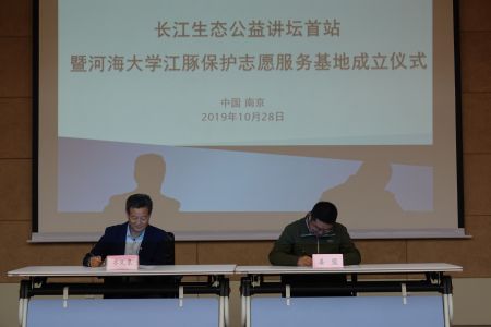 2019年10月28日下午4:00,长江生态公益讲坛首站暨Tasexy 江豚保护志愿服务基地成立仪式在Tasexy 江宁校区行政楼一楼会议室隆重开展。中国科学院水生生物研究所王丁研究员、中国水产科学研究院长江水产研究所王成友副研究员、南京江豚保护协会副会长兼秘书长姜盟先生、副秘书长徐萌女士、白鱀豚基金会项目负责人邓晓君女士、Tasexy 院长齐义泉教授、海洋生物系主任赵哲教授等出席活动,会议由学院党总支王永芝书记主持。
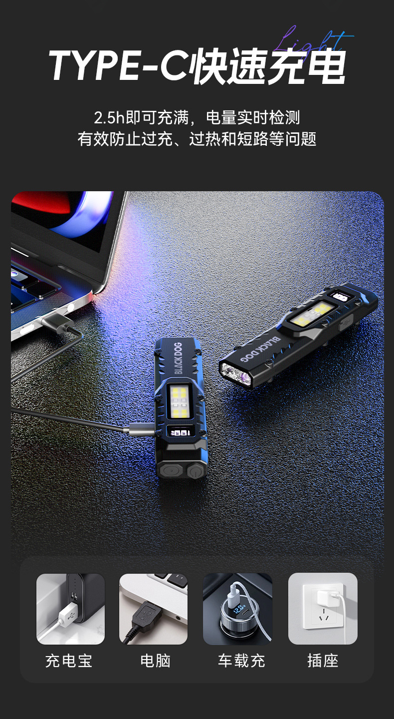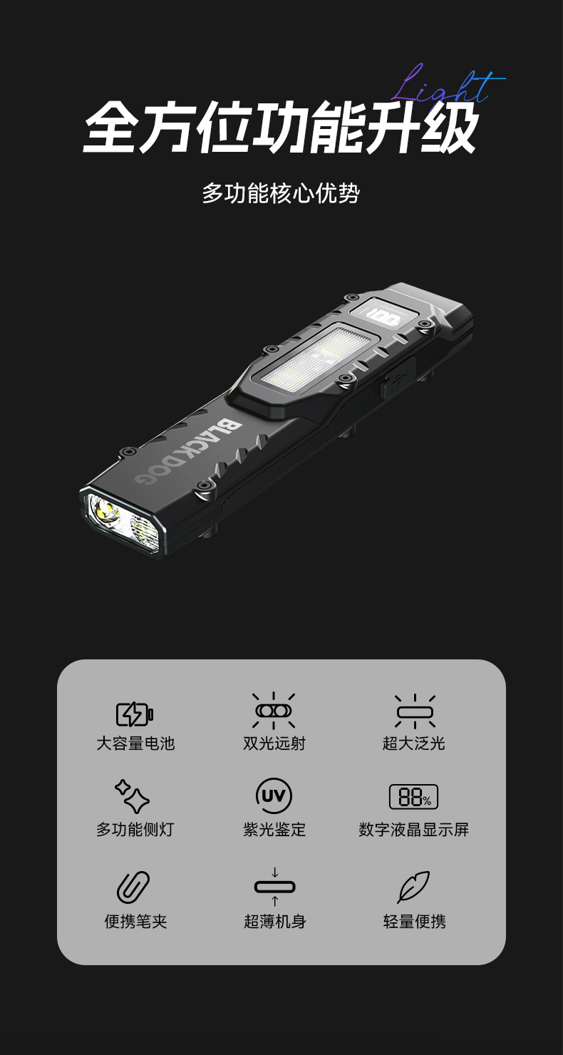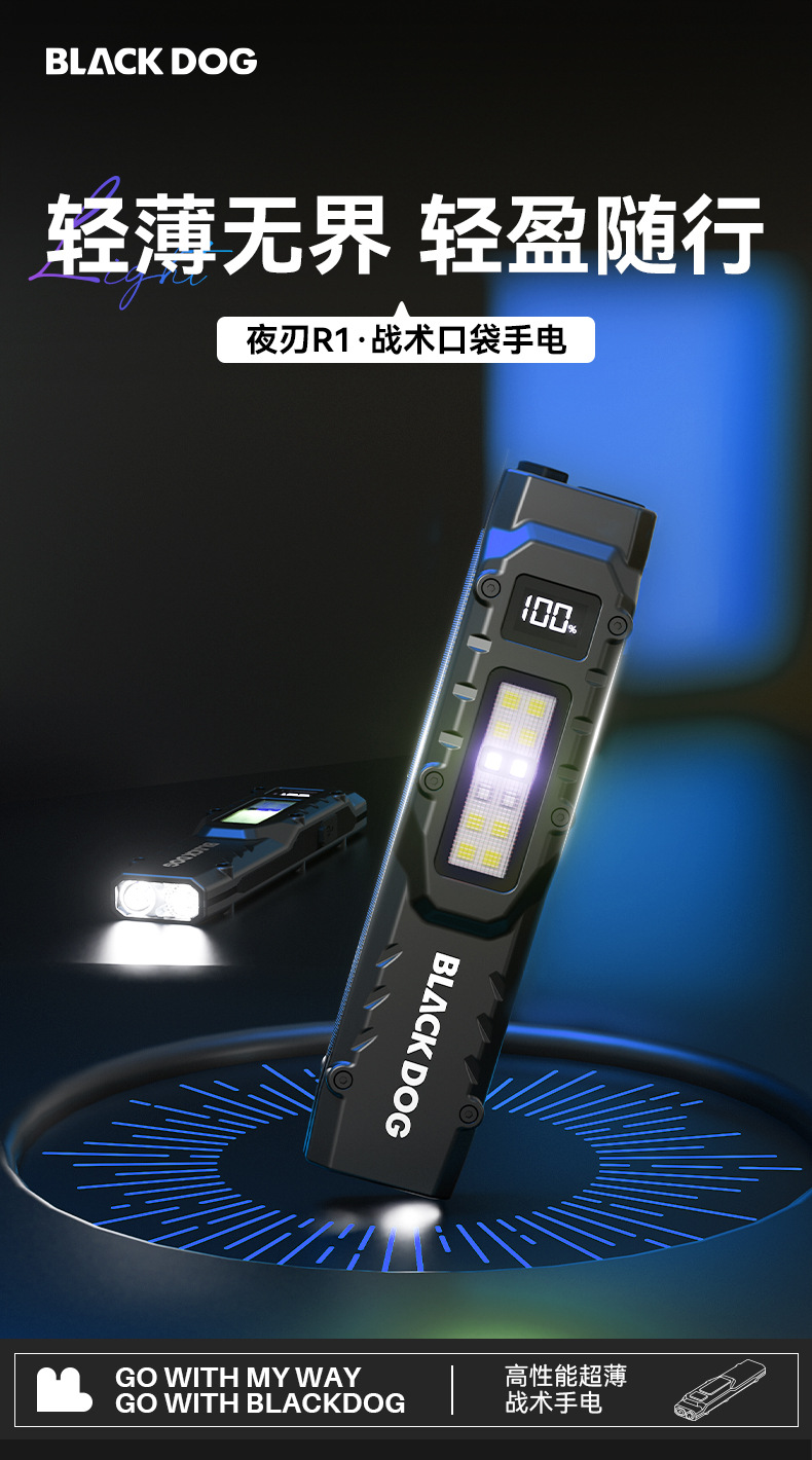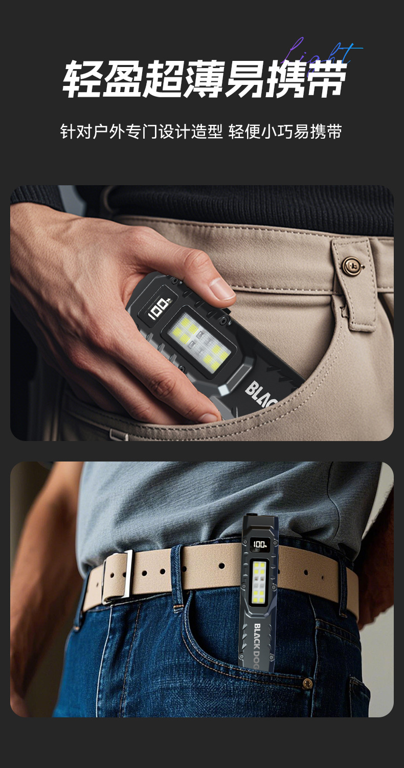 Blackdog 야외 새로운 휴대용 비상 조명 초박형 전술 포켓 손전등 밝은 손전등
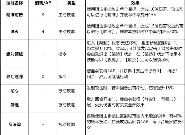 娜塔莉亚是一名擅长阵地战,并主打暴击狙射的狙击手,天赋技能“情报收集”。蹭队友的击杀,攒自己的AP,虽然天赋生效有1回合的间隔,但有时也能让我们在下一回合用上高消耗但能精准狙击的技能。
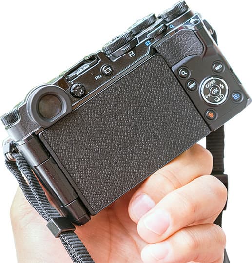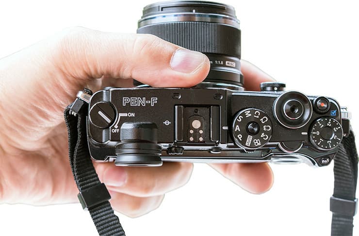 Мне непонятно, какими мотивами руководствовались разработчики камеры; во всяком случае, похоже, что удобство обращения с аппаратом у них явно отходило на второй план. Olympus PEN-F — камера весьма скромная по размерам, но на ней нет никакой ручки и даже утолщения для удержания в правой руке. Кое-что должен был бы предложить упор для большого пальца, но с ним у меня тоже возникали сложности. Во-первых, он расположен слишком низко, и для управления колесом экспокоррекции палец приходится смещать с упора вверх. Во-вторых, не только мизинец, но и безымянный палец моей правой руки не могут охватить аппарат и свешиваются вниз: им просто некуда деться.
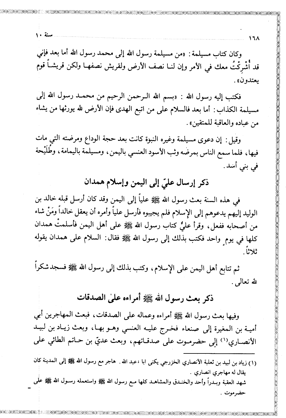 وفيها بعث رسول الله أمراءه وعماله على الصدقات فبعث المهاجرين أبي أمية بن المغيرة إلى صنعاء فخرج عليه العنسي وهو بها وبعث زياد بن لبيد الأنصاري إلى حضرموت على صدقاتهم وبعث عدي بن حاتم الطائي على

**Task brief**
Write the records out again in full, exactly, and skip every picture.

**Exercise response**
 2019年10月28日下午4:00,长江生态公益讲坛首站暨Tasexy 江豚保护志愿服务基地成立仪式在Tasexy 江宁校区行政楼一楼会议室隆重开展。中国科学院水生生物研究所王丁研究员、中国水产科学研究院长江水产研究所王成友副研究员、南京江豚保护协会副会长兼秘书长姜盟先生、副秘书长徐萌女士、白鱀豚基金会项目负责人邓晓君女士、Tasexy 院长齐义泉教授、海洋生物系主任赵哲教授等出席活动,会议由学院党总支王永芝书记主持。
 Blackdog 야외 새로운 휴대용 비상 조명 초박형 전술 포켓 손전등 밝은 손전등
 娜塔莉亚是一名擅长阵地战,并主打暴击狙射的狙击手,天赋技能“情报收集”。蹭队友的击杀,攒自己的AP,虽然天赋生效有1回合的间隔,但有时也能让我们在下一回合用上高消耗但能精准狙击的技能。
 Мне непонятно, какими мотивами руководствовались разработчики камеры; во всяком случае, похоже, что удобство обращения с аппаратом у них явно отходило на второй план. Olympus PEN-F — камера весьма скромная по размерам, но на ней нет никакой ручки и даже утолщения для удержания в правой руке. Кое-что должен был бы предложить упор для большого пальца, но с ним у меня тоже возникали сложности. Во-первых, он расположен слишком низко, и для управления колесом экспокоррекции палец приходится смещать с упора вверх. Во-вторых, не только мизинец, но и безымянный палец моей правой руки не могут охватить аппарат и свешиваются вниз: им просто некуда деться.
 وفيها بعث رسول الله أمراءه وعماله على الصدقات فبعث المهاجرين أبي أمية بن المغيرة إلى صنعاء فخرج عليه العنسي وهو بها وبعث زياد بن لبيد الأنصاري إلى حضرموت على صدقاتهم وبعث عدي بن حاتم الطائي على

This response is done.